I live in NC and some threads have been trying to get a comp going but, the nearest delegate Chester Lian hasn't replied to any emails. So I was wondering if another delegate could go if Chester doesn't reply.


----------



## b0ssGuy23 (Jan 28, 2016)

Contact Evan Liu (sorry if I misspelled that), he is the delegate for VA.


----------



## DanpHan (Jan 28, 2016)

b0ssGuy23 said:


> Contact Evan Liu (sorry if I misspelled that), he is the delegate for VA.

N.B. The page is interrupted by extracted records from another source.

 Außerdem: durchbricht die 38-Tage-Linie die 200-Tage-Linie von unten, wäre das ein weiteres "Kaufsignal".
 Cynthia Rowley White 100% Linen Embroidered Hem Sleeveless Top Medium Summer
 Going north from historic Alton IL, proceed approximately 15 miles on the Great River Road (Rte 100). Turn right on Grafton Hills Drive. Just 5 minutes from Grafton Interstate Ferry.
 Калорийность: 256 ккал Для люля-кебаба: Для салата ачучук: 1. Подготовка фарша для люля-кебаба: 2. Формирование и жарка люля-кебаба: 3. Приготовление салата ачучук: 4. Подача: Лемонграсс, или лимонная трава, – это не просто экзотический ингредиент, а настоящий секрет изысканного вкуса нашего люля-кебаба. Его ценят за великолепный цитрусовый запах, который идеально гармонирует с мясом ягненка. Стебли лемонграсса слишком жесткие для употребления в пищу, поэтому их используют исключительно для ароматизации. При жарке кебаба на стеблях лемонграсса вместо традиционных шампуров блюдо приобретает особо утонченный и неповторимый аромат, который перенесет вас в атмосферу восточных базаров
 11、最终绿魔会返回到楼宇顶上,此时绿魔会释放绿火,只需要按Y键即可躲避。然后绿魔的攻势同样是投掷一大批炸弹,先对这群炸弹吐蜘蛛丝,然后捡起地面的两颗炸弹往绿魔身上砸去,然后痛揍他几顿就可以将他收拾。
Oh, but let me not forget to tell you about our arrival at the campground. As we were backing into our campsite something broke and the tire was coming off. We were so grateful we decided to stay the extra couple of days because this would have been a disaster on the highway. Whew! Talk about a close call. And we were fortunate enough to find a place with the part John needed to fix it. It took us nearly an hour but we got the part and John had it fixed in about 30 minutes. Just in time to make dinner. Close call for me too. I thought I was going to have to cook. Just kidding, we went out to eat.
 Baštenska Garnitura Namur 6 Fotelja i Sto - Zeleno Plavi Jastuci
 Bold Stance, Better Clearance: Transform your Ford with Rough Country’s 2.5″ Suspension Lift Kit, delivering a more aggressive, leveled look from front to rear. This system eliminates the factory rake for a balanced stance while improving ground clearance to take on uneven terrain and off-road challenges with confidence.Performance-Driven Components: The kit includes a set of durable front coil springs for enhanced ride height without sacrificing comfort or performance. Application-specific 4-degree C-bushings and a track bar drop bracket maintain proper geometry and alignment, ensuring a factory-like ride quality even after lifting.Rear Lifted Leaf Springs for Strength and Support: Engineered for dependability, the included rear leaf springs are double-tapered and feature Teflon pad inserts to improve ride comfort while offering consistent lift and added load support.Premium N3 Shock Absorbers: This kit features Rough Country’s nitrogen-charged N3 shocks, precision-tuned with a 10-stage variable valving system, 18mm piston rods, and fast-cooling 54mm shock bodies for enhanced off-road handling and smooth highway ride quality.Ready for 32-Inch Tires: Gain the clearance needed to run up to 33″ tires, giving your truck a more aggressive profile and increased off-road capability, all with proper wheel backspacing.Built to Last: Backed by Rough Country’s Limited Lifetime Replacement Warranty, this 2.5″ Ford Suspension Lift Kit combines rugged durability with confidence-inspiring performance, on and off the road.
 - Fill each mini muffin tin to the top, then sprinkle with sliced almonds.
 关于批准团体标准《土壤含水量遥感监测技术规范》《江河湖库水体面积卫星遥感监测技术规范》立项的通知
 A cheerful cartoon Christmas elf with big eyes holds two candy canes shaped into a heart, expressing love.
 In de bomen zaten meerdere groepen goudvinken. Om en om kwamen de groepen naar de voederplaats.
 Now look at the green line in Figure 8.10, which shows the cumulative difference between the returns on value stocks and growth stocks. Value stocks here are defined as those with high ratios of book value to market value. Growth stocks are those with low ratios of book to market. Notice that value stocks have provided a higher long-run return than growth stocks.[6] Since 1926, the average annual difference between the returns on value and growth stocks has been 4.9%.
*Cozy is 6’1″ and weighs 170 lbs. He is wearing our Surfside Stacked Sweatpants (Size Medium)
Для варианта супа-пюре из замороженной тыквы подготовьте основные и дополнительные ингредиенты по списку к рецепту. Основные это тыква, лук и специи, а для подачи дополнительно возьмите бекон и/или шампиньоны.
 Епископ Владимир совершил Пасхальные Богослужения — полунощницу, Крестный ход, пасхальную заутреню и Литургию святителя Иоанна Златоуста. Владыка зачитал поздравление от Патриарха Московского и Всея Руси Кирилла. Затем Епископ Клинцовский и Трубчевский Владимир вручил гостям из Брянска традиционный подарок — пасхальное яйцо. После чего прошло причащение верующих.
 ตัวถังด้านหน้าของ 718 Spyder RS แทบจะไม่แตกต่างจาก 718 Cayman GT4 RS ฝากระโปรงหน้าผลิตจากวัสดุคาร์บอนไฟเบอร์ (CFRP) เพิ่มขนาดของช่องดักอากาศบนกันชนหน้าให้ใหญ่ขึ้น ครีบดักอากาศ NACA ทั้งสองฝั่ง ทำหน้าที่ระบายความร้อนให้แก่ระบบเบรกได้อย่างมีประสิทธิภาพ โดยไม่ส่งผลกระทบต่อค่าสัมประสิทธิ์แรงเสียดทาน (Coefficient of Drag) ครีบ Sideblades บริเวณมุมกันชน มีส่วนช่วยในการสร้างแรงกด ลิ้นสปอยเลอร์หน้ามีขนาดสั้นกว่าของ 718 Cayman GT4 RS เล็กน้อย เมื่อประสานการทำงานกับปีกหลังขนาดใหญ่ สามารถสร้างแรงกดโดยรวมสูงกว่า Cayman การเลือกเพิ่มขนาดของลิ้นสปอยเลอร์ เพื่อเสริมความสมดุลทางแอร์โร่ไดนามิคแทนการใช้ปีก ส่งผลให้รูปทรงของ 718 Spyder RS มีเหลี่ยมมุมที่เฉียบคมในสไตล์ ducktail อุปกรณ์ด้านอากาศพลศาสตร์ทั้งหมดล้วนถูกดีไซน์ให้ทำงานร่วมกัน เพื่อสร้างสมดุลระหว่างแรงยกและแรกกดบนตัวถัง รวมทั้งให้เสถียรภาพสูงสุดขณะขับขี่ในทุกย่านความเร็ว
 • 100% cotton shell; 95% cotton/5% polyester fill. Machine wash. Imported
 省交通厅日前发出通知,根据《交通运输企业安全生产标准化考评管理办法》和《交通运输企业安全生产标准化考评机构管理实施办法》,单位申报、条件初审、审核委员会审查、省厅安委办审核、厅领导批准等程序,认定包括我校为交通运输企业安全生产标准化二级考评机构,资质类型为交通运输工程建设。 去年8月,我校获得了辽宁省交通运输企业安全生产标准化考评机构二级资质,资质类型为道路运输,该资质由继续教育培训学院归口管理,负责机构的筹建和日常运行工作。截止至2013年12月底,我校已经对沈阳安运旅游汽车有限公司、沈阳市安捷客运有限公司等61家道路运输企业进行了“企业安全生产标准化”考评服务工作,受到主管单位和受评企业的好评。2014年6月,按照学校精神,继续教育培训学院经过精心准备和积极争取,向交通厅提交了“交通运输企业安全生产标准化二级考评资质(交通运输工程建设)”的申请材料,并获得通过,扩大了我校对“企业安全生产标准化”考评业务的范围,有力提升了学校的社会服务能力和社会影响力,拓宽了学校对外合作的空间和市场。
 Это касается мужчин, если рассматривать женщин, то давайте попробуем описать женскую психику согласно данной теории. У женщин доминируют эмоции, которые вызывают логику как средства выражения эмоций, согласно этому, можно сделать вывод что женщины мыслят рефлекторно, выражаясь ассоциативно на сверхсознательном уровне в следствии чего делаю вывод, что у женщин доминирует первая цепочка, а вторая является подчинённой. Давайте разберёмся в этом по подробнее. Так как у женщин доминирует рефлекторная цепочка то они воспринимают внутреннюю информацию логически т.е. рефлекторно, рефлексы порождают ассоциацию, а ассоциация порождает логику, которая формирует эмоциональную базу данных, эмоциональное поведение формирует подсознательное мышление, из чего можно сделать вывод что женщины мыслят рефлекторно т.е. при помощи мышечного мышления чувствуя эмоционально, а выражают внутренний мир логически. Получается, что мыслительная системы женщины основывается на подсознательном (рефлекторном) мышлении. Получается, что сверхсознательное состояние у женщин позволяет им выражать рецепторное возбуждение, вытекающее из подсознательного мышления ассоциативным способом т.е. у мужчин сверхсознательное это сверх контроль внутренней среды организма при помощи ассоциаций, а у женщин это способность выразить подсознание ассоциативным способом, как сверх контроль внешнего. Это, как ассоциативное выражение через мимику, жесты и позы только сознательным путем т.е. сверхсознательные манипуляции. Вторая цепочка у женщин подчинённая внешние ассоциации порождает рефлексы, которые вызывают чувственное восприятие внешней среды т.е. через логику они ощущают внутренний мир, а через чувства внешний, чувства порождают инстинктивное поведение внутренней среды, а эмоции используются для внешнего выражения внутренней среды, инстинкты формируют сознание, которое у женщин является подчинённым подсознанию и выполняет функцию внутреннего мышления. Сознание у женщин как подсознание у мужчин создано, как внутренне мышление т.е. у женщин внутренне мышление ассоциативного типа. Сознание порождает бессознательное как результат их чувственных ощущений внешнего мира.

Evan is living in the UK right now


----------



## b0ssGuy23 (Jan 28, 2016)

DanpHan said:


> Evan is living in the UK right now



That would explain everything :/

Then probably Felix Lee or something.


----------



## SFCuber (Jan 29, 2016)

b0ssGuy23 said:


> That would explain everything :/
> 
> Then probably Felix Lee or something.



I asked Felix but unfortunately he won't be delegating any comps outside of MD anytime soon. The search continues. I'll keep asking delegates.


----------



## RyanMCLNY (Jan 29, 2016)

Are you organizing a competition? That hasn't been made clear.
Or, are you just searching for possible delegates for a North Carolina competition?


----------



## SFCuber (Jan 29, 2016)

No, I'm trying to find a delegate for a competition (this same one here) : https://www.speedsolving.com/forum/showthread.php?55890-Competition-in-Raleigh-NC-Timers-Wanted


> https://www.speedsolving.com/forum/showthread.php?55890-Competition-in-Raleigh-NC-Timers-Wanted


----------



## willtri4 (Jan 29, 2016)

We're working with Chester. You don't need to worry about us.


----------